The Keeping Hours is a 2017 American supernatural horror drama film directed by Karen Moncrieff and written by Rebecca Sonnenshine. The film stars Lee Pace, Carrie Coon and Sander Thomas. The film released on July 24, 2018, via video on demand and DVD on August 7, 2018 by Universal Pictures. Seven years after the death of their son, a divorced couple is suddenly reunited by supernatural events that offer them a chance at forgiveness.

Plot 
The movie opens with a couple preparing for a wedding at their home. Mark and Elizabeth already have a son, Jacob. After eight years they make the relationship official, exchange wedding vows, and enjoy a day long reception with family and friends.
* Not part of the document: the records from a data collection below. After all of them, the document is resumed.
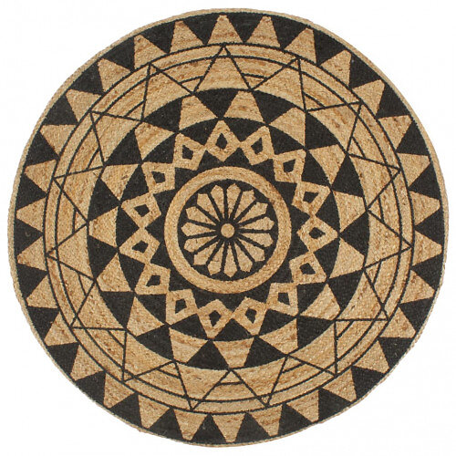 vidaXL Handgjord jutematta med svart tryck 150 cm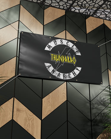 This matte vinyl banner brings bold, gritty energy to any wall, Gym, or event space. The black matte background makes the distressed white circular logo and electric yellow emblem pop with intentionally rough edges and rock‑era attitude. Weather‑resistant inks and heavy 15oz blockout scrim vinyl keep colors vibrant and prevent show‑through, so your graphic stays striking whether mounted indoors or tied to a railing outside. Brass grommets and included ropes make hanging quick and secure, while trimmed edges keep the surface smooth and clean. Use it to amplify a rehearsal room, mark a backyard stage, or add instant personality to a garage, venue, or merch booth.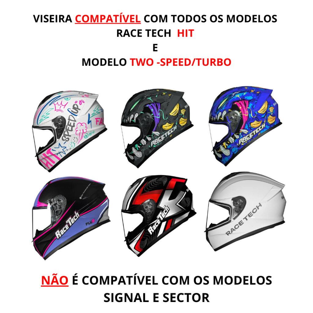 VISEIRA MARCA POLIVISOR Viseira em policarbonato tratamento anti-risco e espessura de 2,2 mm. Proteção UVA e UVB: Escudo contra raios solares nocivos. Alta Resistência Compatibilidade: Race Tech Hit TWO - Speed/Turbo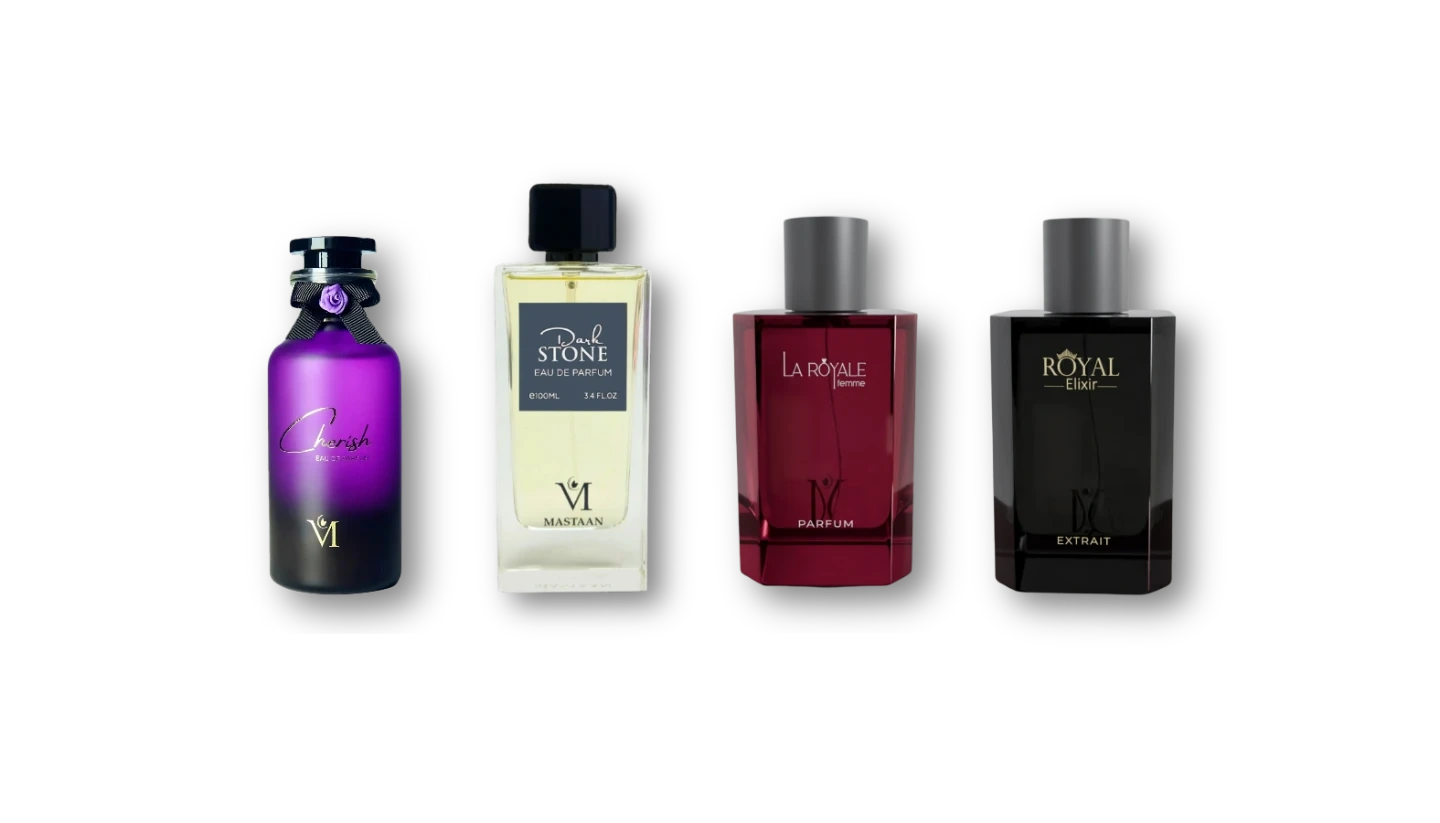 Four distinct perfumes for your collection. Includes Cherish Eau de Parfum, Dark Stone Eau de Parfum, La Royale Femme Parfum, and Royal Elixir Extrait. All bottles are 100ml or 3.4 fl oz. A lovely set for any fragrance enthusiast!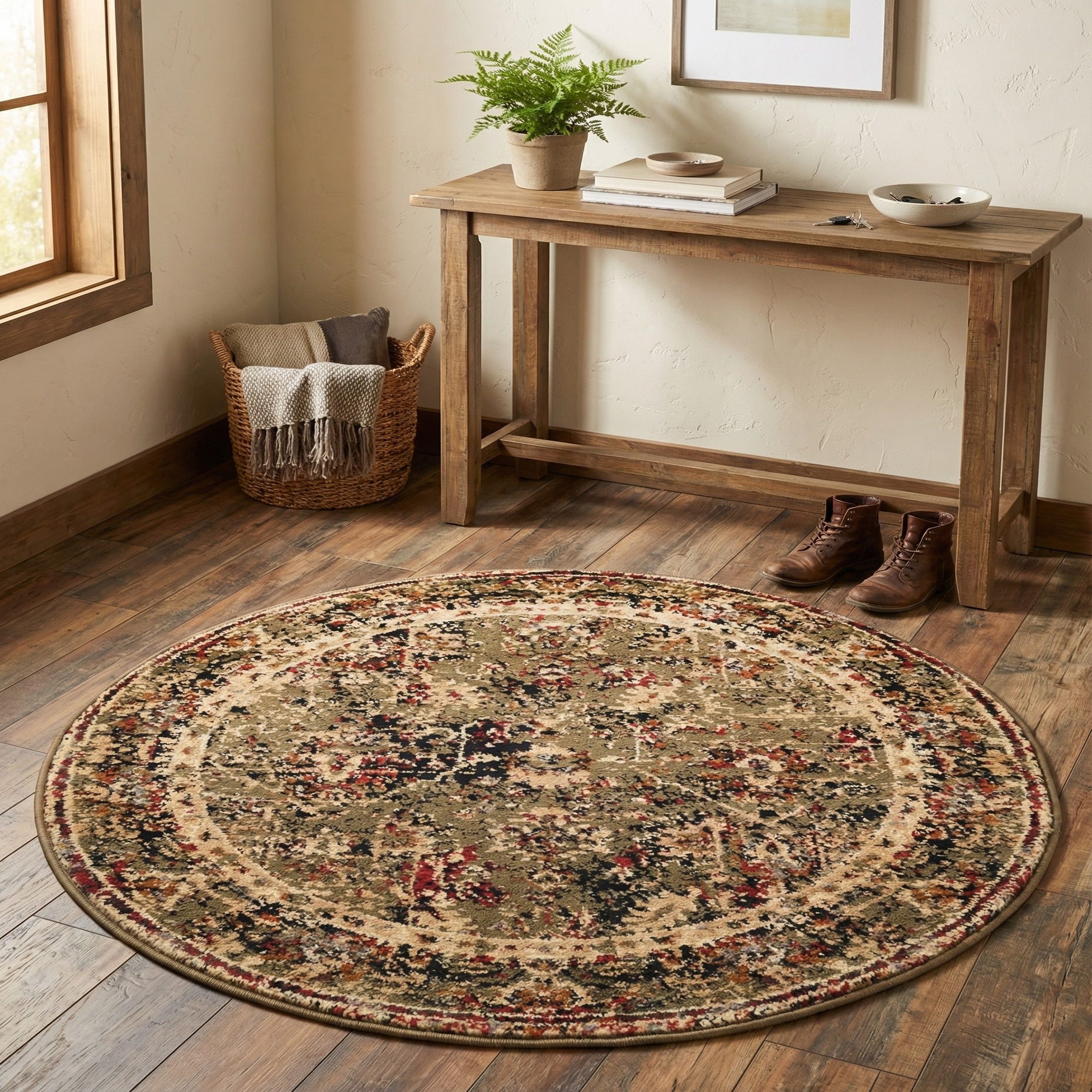 A vintage-inspired, distressed medallion pattern gives this round rug a softly worn, painterly look. A green field provides the background while beige highlights form the faded medallion and border, with black and red accents scattered throughout to add contrast and visual interest. Machine made of 100% polypropylene, the rug has a low-profile, tightly woven pile that feels smooth to the touch with a modest, cushioned give.

Time flashes to the future with the couple divorced after the son was killed in an automobile accident. The father was driving and the mother thinks she failed to secure the boy's seat belt. Each blame the other parent and yet themselves for the tragic death.

Mark is an attorney busy working at a large law firm. Elizabeth has remarried, wrote a book and lives in an expensive home with her step-daughters.  Mark is bothered with tenants who abandoned the rented former marital home. Mark inspects the home where lights flicker and he hears strange noises.  He hears footsteps and he finds Jacob's toys in the attic. He sees Jacob and passes out. After time and adjustment, Mark accepts Jacob's ghost as real. After Jacob asks Dad about Mommy, Mark brings Elizabeth to the home.  She sees her son and thinks Mark has played some cruel trick on her. She learns to accept reality and is happy the boy is back in their lives. Neither parent can touch the boy.
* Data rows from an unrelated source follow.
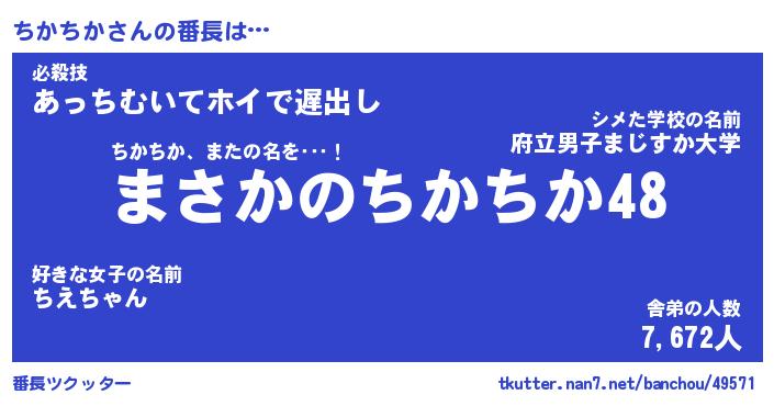 | ヘコむあだ名 | 『ちかにー』『なまこ酢』『ちかっぺ』 |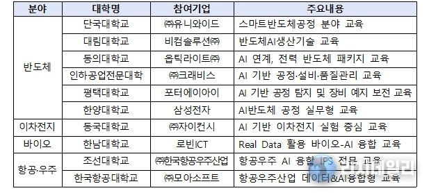 올해는 인공지능 대전환(AX)에 대응하고, 첨단분야 학생들의 인공지능(AI) 융합 역량을 제고하기 위하여, 인공지능(AI) 융합과정 지원 내용이 신설됐다. 이에 따라, 반도체, 바이오 등 첨단산업 인재양성 부트캠프를 운영하고 있는 기존 대학 중 10개교가 선정되어 5억 원을 추가로 지원받는다.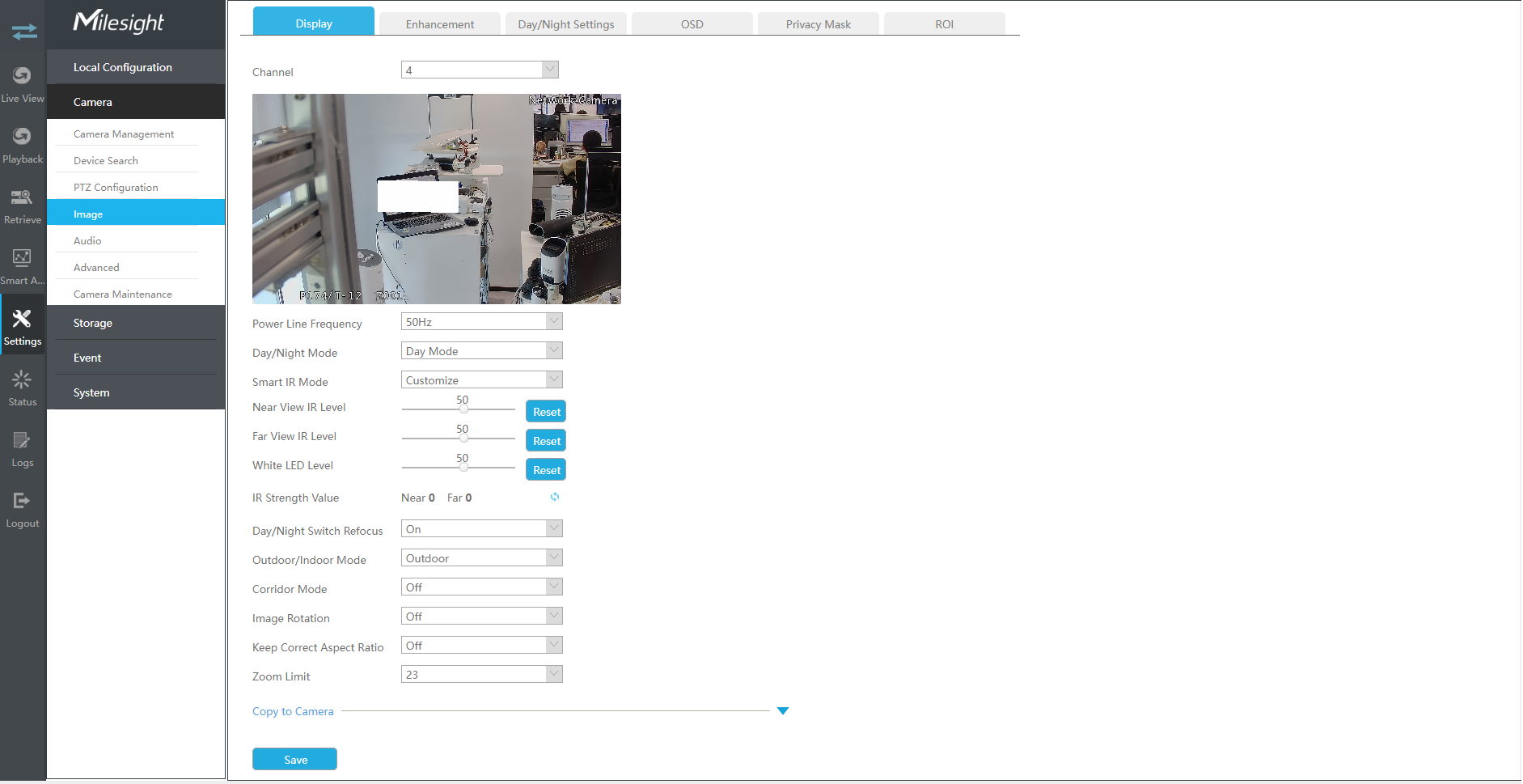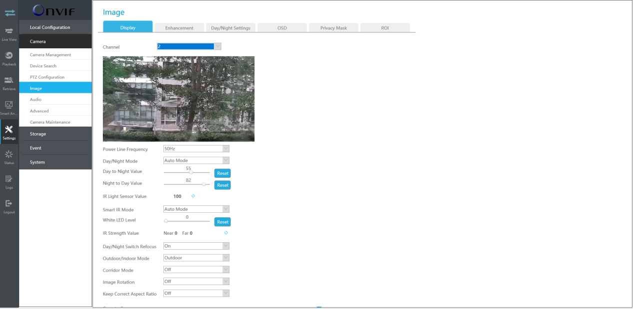 - Smart IR Mode and IR LED Level are supported for cameras with IR LEDs.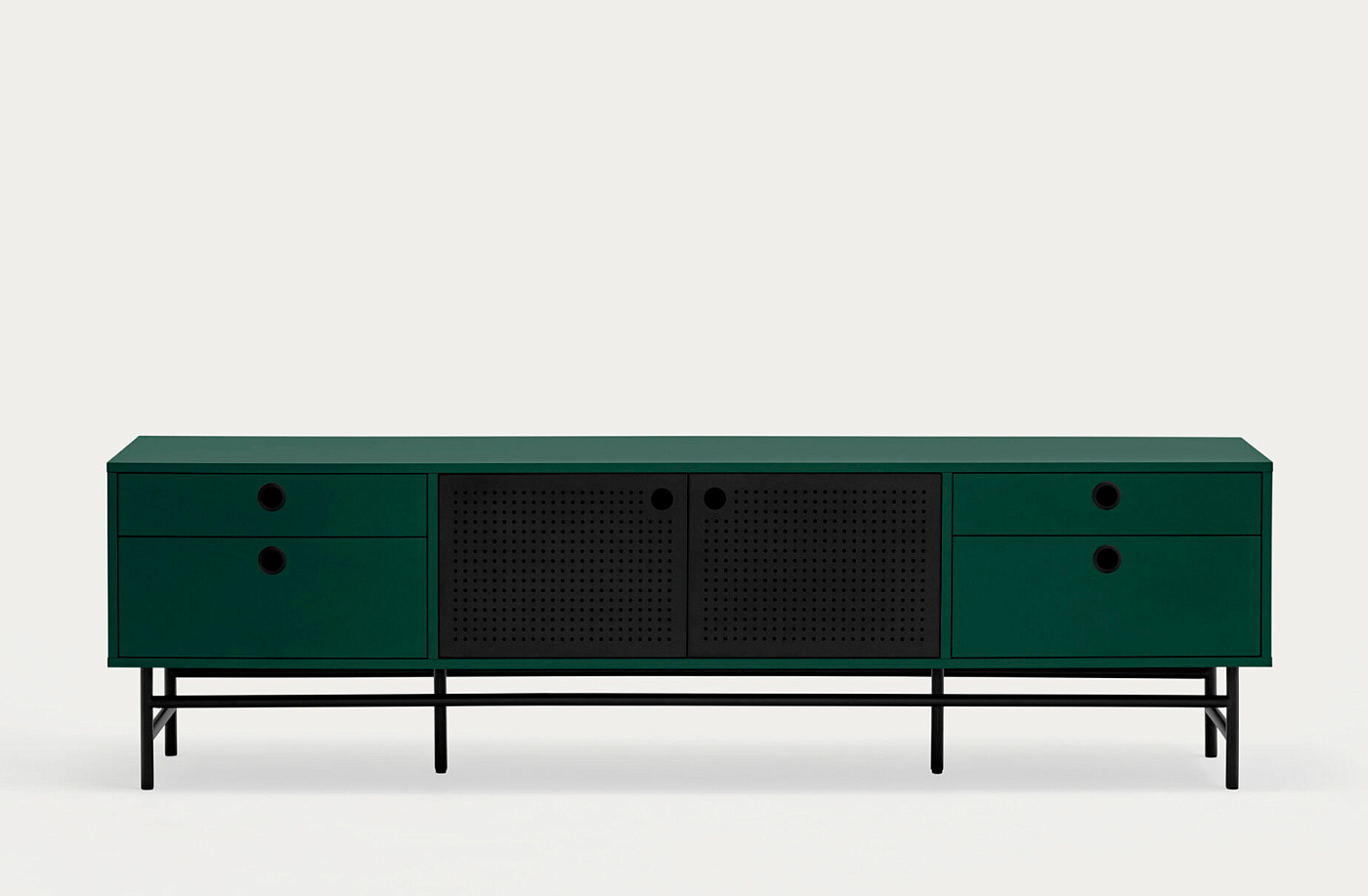 Тумба под телевизор Punto, оформленная в индустриальном стиле, сочетает в себе эти эстетические концепции с дизайном и функциональностью. Коллекция отличается перфорированными металлическими дверцами со встроенными круглыми ручками. Корпус выполнен в лакированном МДФ различных цветов.

Mark quits his job to make time to be with Jacob. Elizabeth visits the house each day.  Jacob tells his parents he wants things back to normal including the couple back together loving one another. They all do things to make up for lost opportunities. Mom reads bedtime stories and Dad plays games.  Jacob wants that real train set that he never got. The couple become close again.  They learn that Jacob can leave the house so they go to the beach and build sand castles and watch a beautiful sunset.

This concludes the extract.